■ Information given:
▽
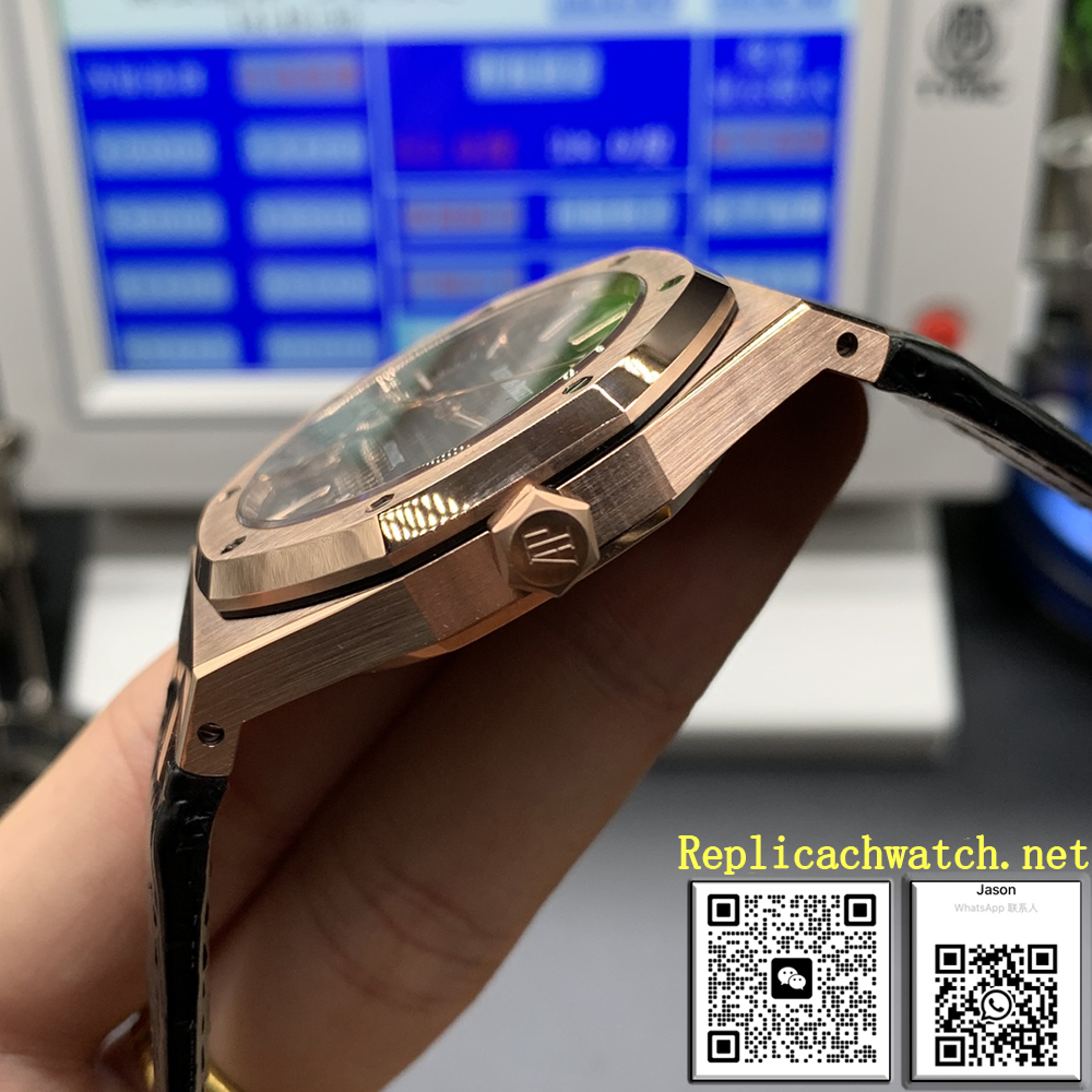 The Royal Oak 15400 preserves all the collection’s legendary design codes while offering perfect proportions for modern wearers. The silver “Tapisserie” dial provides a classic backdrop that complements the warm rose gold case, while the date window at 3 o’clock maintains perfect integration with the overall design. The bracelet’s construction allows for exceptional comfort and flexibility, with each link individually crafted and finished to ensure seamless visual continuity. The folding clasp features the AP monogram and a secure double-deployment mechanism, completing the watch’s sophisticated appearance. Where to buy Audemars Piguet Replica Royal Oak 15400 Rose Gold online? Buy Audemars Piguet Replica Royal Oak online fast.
△
▽
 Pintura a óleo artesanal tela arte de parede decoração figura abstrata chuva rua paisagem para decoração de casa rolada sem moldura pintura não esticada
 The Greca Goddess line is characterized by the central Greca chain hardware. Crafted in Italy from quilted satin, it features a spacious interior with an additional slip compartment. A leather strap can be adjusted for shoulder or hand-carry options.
△
From the listing above, return the lines starting at the one with "Pintura a óleo" and ending at the one with "The Greca Goddess", both kept, exactly as they appear and nothing more.

■ Finished task:
 Pintura a óleo artesanal tela arte de parede decoração figura abstrata chuva rua paisagem para decoração de casa rolada sem moldura pintura não esticada
 The Greca Goddess line is characterized by the central Greca chain hardware. Crafted in Italy from quilted satin, it features a spacious interior with an additional slip compartment. A leather strap can be adjusted for shoulder or hand-carry options.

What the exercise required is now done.